- **SUPPLIED MATERIAL**:
▬▬▬

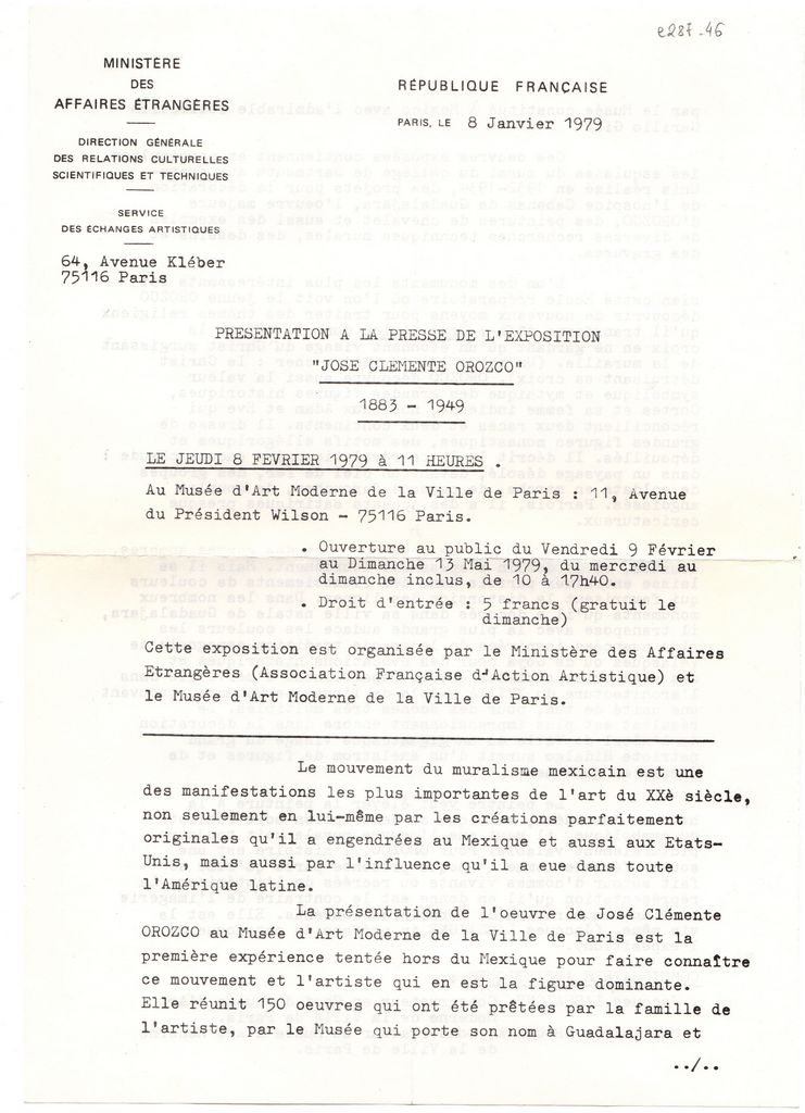Κείμενο, στα γαλλικά, δακτυλόγραφο, χαρτί, δύο όψεις, 29,7×21,0 εκ. Δελτίο τύπου της έκθεσης έργων του Μεξικανού καλλιτέχνη Jose Clemente Orozco που πραγματοποιήθηκε στο Παρίσι το 1979.
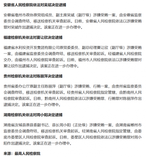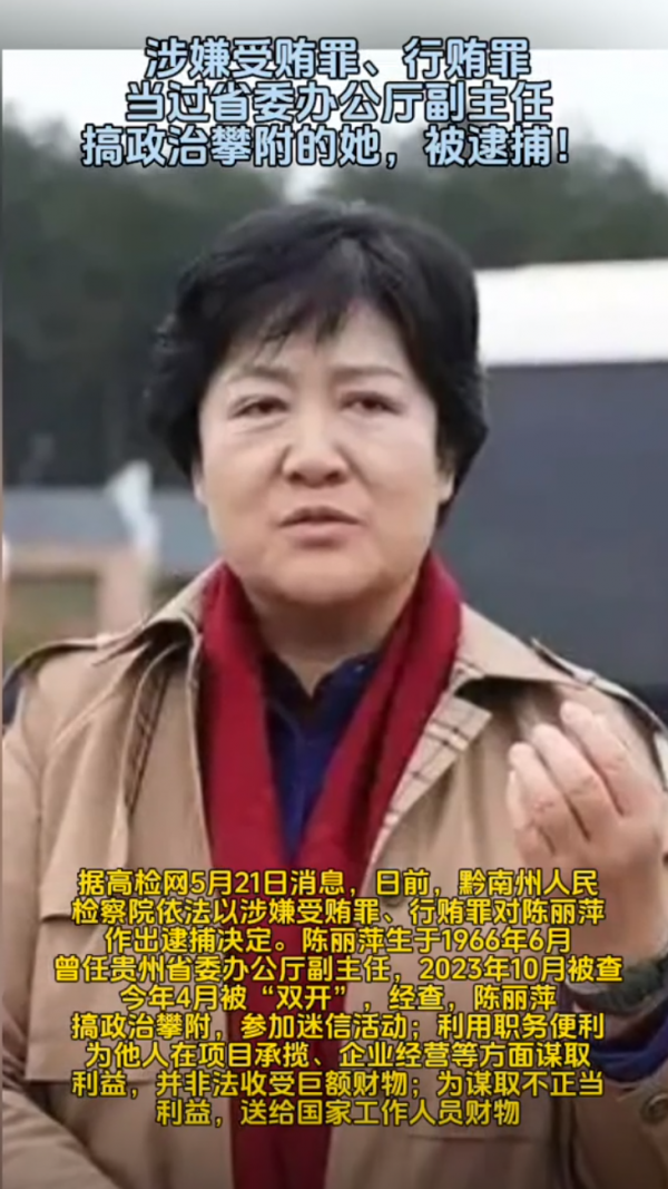 据正义网报道,5月21日最高人民检察院宣布,贵州省委办公厅原副主任陈丽萍(副厅级)涉嫌受贿、行贿一案,由贵州省监察委员会调查终结,移送检察机关审查起诉。经贵州省人民检察院指定管辖,由黔南州人民检察院审查起诉。日前,黔南州人民检察院依法以涉嫌受贿罪、行贿罪对陈丽萍作出逮捕决定。该案正在进一步办理中。
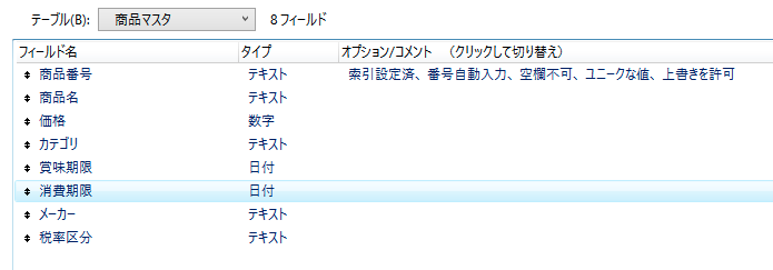 FileMaker で定義した例として、商品マスタのテーブルではこのような情報を管理しています。
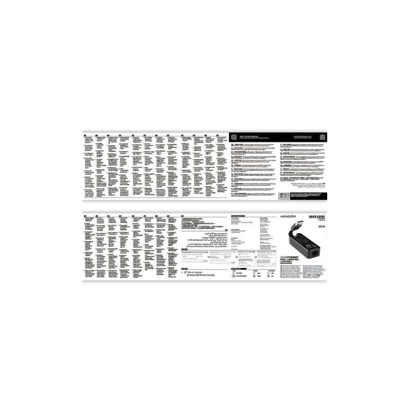 | Summary | Axagon ADE-XR USB 2.0 fast ethernet. Connectivity technology: Wired, Host interface: USB, Interface: Ethernet. Maximum data transfer rate: 100 Mbit/s. USB powered. Product colour: Black |
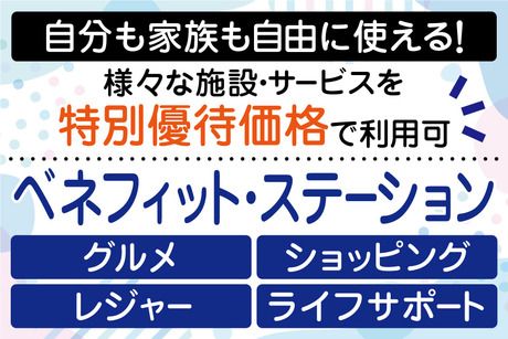 【保険制度】 雇用保険、労災保険、健康保険、厚生年金 待遇・福利厚生 【福利厚生】 ・社会保険完備 ・交通費全額支給 ・バイク通勤OK(規定) ・ガソリン代補助あり ・無料送迎バスあり ・有給休暇 ・制服貸与 ・食堂、売店あり ・喫煙室あり ・結婚祝金、出産祝金、こども手当、入学祝金、退職金制度などの福利厚生が充実(規定) ・紹介キャンペーン ※ご紹介くださった方1名につき5万円を進呈(規定) 【ベネフィット・ステーションの利用が可能】 ベネフィット・ステーションとは、 様々なシーンでご利用いただける 総合型福利厚生サービスです。 映画鑑賞やホテルディナー、宿泊施設 などの余暇・レジャー関連をはじめ、 日常で使えるフィットネスや 育児・介護支援、ライフサポートなど 約140万件以上の幅広いメニューを お得な価格で利用できます。 <サービス例> ・全国40,000以上の宿泊施設 ・全国30,000店舗以上の飲食店 ・全国約7,700ヶ所のスポーツクラブ など スタッフさんはもちろん、ご家族の方もお好きなだけ利用できます。
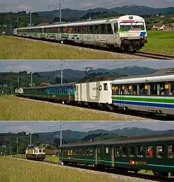 - Пассажирский — формируется из пассажирских вагонов; также могут прицепляться вагоны других разновидностей пассажирского парка — багажные, почтовые, ресторан и так далее[55];
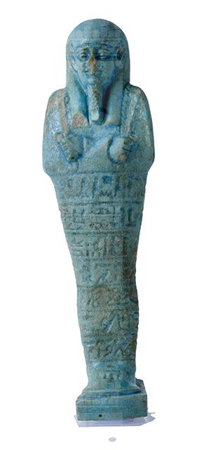 Statuina funeraria mummiforme che indossa una parrucca tripartita e la barba divina intrecciata. Le mani incrociate, la destra sopra la sinistra, tengono ognuna una zappa. Dalla spalla sinistra pende una sacca. Il pilastro dorsale e la base sotto i piedi sono presenti. L’iscrizione si sviluppa su sette righe attorno al corpo e alle gambe dell’ushabti e riporta il testo del capitolo 6 del Libro dei Morti. Interessante è il fatto che alcuni segni del testo sono stati scritti sul lato del pilastro dorsale e sui piedi per mancanza di spazio.

▬▬▬

- **WORK INSTRUCTION**: Could you write the entries out again exactly, without their pictures?

- **ANSWER AREA**:
Κείμενο, στα γαλλικά, δακτυλόγραφο, χαρτί, δύο όψεις, 29,7×21,0 εκ. Δελτίο τύπου της έκθεσης έργων του Μεξικανού καλλιτέχνη Jose Clemente Orozco που πραγματοποιήθηκε στο Παρίσι το 1979.
 据正义网报道,5月21日最高人民检察院宣布,贵州省委办公厅原副主任陈丽萍(副厅级)涉嫌受贿、行贿一案,由贵州省监察委员会调查终结,移送检察机关审查起诉。经贵州省人民检察院指定管辖,由黔南州人民检察院审查起诉。日前,黔南州人民检察院依法以涉嫌受贿罪、行贿罪对陈丽萍作出逮捕决定。该案正在进一步办理中。
 FileMaker で定義した例として、商品マスタのテーブルではこのような情報を管理しています。
 | Summary | Axagon ADE-XR USB 2.0 fast ethernet. Connectivity technology: Wired, Host interface: USB, Interface: Ethernet. Maximum data transfer rate: 100 Mbit/s. USB powered. Product colour: Black |
 【保険制度】 雇用保険、労災保険、健康保険、厚生年金 待遇・福利厚生 【福利厚生】 ・社会保険完備 ・交通費全額支給 ・バイク通勤OK(規定) ・ガソリン代補助あり ・無料送迎バスあり ・有給休暇 ・制服貸与 ・食堂、売店あり ・喫煙室あり ・結婚祝金、出産祝金、こども手当、入学祝金、退職金制度などの福利厚生が充実(規定) ・紹介キャンペーン ※ご紹介くださった方1名につき5万円を進呈(規定) 【ベネフィット・ステーションの利用が可能】 ベネフィット・ステーションとは、 様々なシーンでご利用いただける 総合型福利厚生サービスです。 映画鑑賞やホテルディナー、宿泊施設 などの余暇・レジャー関連をはじめ、 日常で使えるフィットネスや 育児・介護支援、ライフサポートなど 約140万件以上の幅広いメニューを お得な価格で利用できます。 <サービス例> ・全国40,000以上の宿泊施設 ・全国30,000店舗以上の飲食店 ・全国約7,700ヶ所のスポーツクラブ など スタッフさんはもちろん、ご家族の方もお好きなだけ利用できます。
 - Пассажирский — формируется из пассажирских вагонов; также могут прицепляться вагоны других разновидностей пассажирского парка — багажные, почтовые, ресторан и так далее[55];
 Statuina funeraria mummiforme che indossa una parrucca tripartita e la barba divina intrecciata. Le mani incrociate, la destra sopra la sinistra, tengono ognuna una zappa. Dalla spalla sinistra pende una sacca. Il pilastro dorsale e la base sotto i piedi sono presenti. L’iscrizione si sviluppa su sette righe attorno al corpo e alle gambe dell’ushabti e riporta il testo del capitolo 6 del Libro dei Morti. Interessante è il fatto che alcuni segni del testo sono stati scritti sul lato del pilastro dorsale e sui piedi per mancanza di spazio.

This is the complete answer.